HFII and Lee Iacocca both took note, and never made that mistake again. Ford recovered in the 1980s, as did Chrysler Corp. under Iacocca…A.E. Barit, Hudson president, signed away the future of Hudson in 1954 when AMC was created, and Hudson was history. (Pity…my grandfather and HIS father liked Hudsons, after Pierce-Arrow went into oblivion and Packard went downmarket.)
The Request (great name for a car), kind of reminds me of those old VW bugs that have had Rolls-Royce looking grilles added to them.
I wonder what it would have cost, over the price of a “regular” Packard, to add the special front end styling and turn the Request into a top of the range model?
Looking at production figures for Lincoln and Packard shows that they were fairly close in sales. Unfortunately, both were deeply buried by Cadillac.
Can somebody say ‘Edsel”?
Supposedly the vertical grille of the ’56 Packard Predictor show car influenced the Edsel.
The bumper looks like it’s off of a 61 Chrysler or DeSoto.
Those both are angled more. The Dodge shape fit the near mirror image upper trim that forms the grille housing. The ’59 Dodge also has the ridge on the upper side, which tore the ’62 Chrysler 300 that changed lanes into the front bumper of my ’59 Coronet Super D-500. It tore the sheet metal on 300 and only stripped the stainless steel bolt head cover on the Dodge.
LRF,
I think you are right.
My guess is…someone took one of those tacky 1970s-vintage fake Rolls-Royce grilles for a VW Bug, modified it to fit a Clipper, then modified the outside of the shell to mimic the Packard arch. Note the inside of the arch doesn’t follow the curve as that grille on the real Request did.
Furthermore, frankly…the lower grille inserts on that fake Request look like re-worked 1958 Edsel Citation or Mercury Monterrey grilles. Note, the real Request had NO lower grilles, just a bunch of chrome and two half-bumperettes with mini-Dagmars incorporated within the same.
I like it, though. Keeping in mind that the creator HAD to have had a sense of humor…this is aces!
Not a Clipper, that’s a 400. See the ‘vents’ behind the door.
Packard had a checkered history on design, no pun intended. From 1921 until, I think, 1928, they proudly advertised that their automobiles never changed in appearance; thus, an owner would not feel outdated driving one. However, he did feel outdated when sleeker automobiles were starting to be built. Packard woke up. Here is an ad touting their changes as not visible outside, only improvements to the machinery and comforts.
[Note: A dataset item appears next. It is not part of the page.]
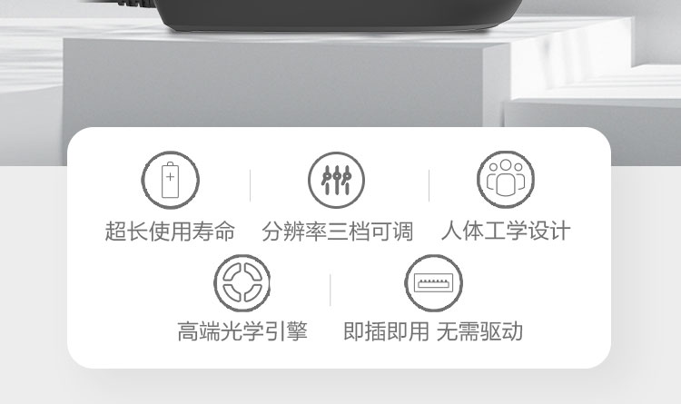 鼠标分辨率三挡可调:800/1200/1600 DPI、适应多种屏幕分辨率、依场景随心调节;125Hz回报率,高速刷新不掉帧,高端光学引擎,定位精准,操作顺畅;左右对称设计、流畅的线条源于对人体工程学的考究,自然握感贴合手型,舒适感大大增加;500万次按键寿命,匠心工艺,可靠办公;无需驱动,方便快捷,线长1.5米,距离从来不是问题。
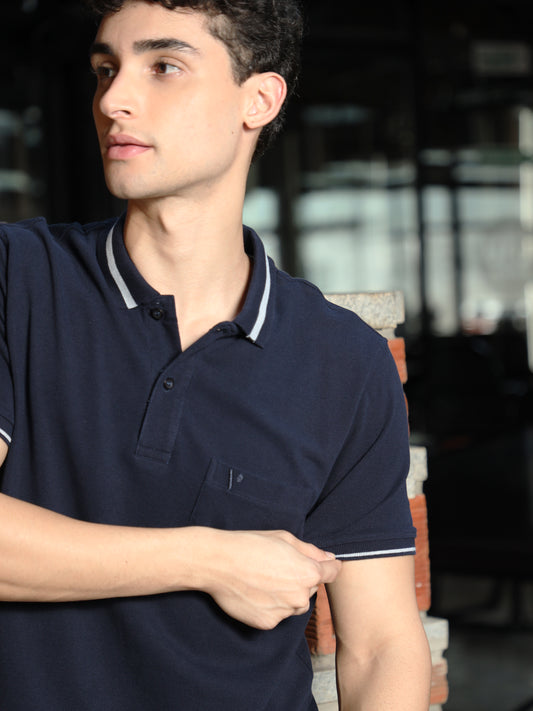 NAVY MEN'S HALF SLEEVE COLLAR T-SHIRT

Another shot I took of the same car:
It appears to have 1953-54 Caribbean style stainless trim over the round front wheel openings.
Fred Kanter has the car now, THE Packard guy. Apparently some fella had it made special, I think when it was new, because he wanted to purchase the Request but Packard said no.
28 years later–it moved, but still exists…and is about 4 blocks from my house!
One other car has a very similar bumper, the 1958 Chevrolet, but the side shape still looks more Dodge.
Cool!
It still exist in the Kanter brothers collection in New Jersey. Bottom of the grille shell appears to be from a truck or tractor turned upside-down. The actual 1955 Request is in the Marano Collection also in New Jersey.
By 1955-’56, it was going to take a far more to save Packard than merely a return of the classic vertical grille. The Request show car generated interest in Packard at a time when the annual auto shows included futuristic show cars, to create what we call ‘buzz’ now. We’re fortunate that a high percentage of the Packard show cars of their last decade have survived and are restored.
Dick Teague made a Request in 1955 and a year later ended up with the Predictor?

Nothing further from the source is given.